A decision checklist #

Before you compute anything, ask:

  1. Am I selecting items or arranging them?
  1. Does order matter in the final outcome?
  1. Is repetition allowed?

Getting these questions right is more important than memorizing the formula.

Worked Examples (3) #

Committees: Choose 3 people from 10 #

A club has 10 members. How many distinct 3-person committees can be formed (no roles, just a set of people)?

  1. Recognize this is a selection problem, not an arrangement: committee membership is unordered.

  2. Identify n = 10 and k = 3.

  3. Use the combinations formula:

    C(10,3) = 10! / (3!(10−3)!)

  4. Compute step by step:

    10!/(7!) = 10·9·8

    So C(10,3) = (10·9·8) / 3!

  5. Compute 3! = 6.

  6. Divide:

    (10·9·8)/6 = 720/6 = 120

  7. Final answer: 120 committees.

Insight: If you mistakenly used permutations 10P3 = 720, you’d be counting each committee 3! = 6 times (all internal reorderings). Dividing by 6 fixes it.

Symmetry: Choose 8 out of 10 without heavy arithmetic #

How many ways are there to choose 8 distinct items from 10 distinct items?

  1. Direct computation would be:

    C(10,8) = 10! / (8!2!)

  2. Use symmetry:

    C(10,8) = C(10,10−8) = C(10,2)

  3. Now compute the smaller one:

    C(10,2) = 10! / (2!8!)

  4. Simplify:

    10!/8! = 10·9

  5. So:

    C(10,2) = (10·9)/2 = 90/2 = 45

  6. Final answer: 45 ways.

Insight: When k is close to n, symmetry turns a hard-looking factorial into a small calculation. Always check whether k or n−k is smaller.

Counting hands: Choose 5 cards from a 52-card deck #

How many distinct 5-card hands can be dealt from a standard 52-card deck (order irrelevant)?

  1. A hand is an unordered set of cards, so use combinations with n = 52, k = 5.

  2. Write the formula:

    C(52,5) = 52! / (5!47!)

  3. Avoid huge factorials by canceling:

    52!/47! = 52·51·50·49·48

  4. So:

    C(52,5) = (52·51·50·49·48) / 5!

  5. Compute 5! = 120.

  6. Compute numerator in manageable steps:

    52·51 = 2652

    50·49·48 = 50·2352 = 117600

    So numerator = 2652·117600

  7. Multiply:

    2652·117600 = 311,875,200

  8. Divide by 120:

    311,875,200 / 120 = 2,598,960

  9. Final answer: 2,598,960 distinct 5-card hands.

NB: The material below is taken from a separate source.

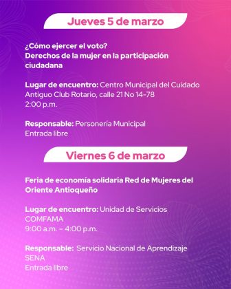 En marzo, Marinilla conmemora el Mes de los Derechos de las Mujeres con una agenda especial hasta el 27 de marzo para reconocer su liderazgo y fuerza transformadora. Desliza y conoce

Insight: This number becomes the denominator in many card probabilities. The combination is the natural count because the order of cards in a hand doesn’t matter.

Key Takeaways #

Common Mistakes #

Practice #

easy

A class has 18 students. How many ways can you choose 4 students to present (order irrelevant)?

Hint: This is C(18,4). Use cancellation: 18!/14! = 18·17·16·15, then divide by 4!.

Show solution

C(18,4) = 18!/(4!14!) = (18·17·16·15)/24.

Compute numerator: 18·17=306, 16·15=240, so 306·240=73440.

73440/24 = 3060.

Answer: 3060.

medium

Compute C(12,9) without large factorials.

Hint: Use symmetry: C(12,9) = C(12,3). Then use (12·11·10)/3!.

Show solution

C(12,9) = C(12,3) = 12!/(3!9!) = (12·11·10)/6 = 1320/6 = 220.

hard

Show that C(n,k) = C(n,k−1) · (n−k+1)/k for 1 ≤ k ≤ n, and use it to compute C(20,5) from C(20,4).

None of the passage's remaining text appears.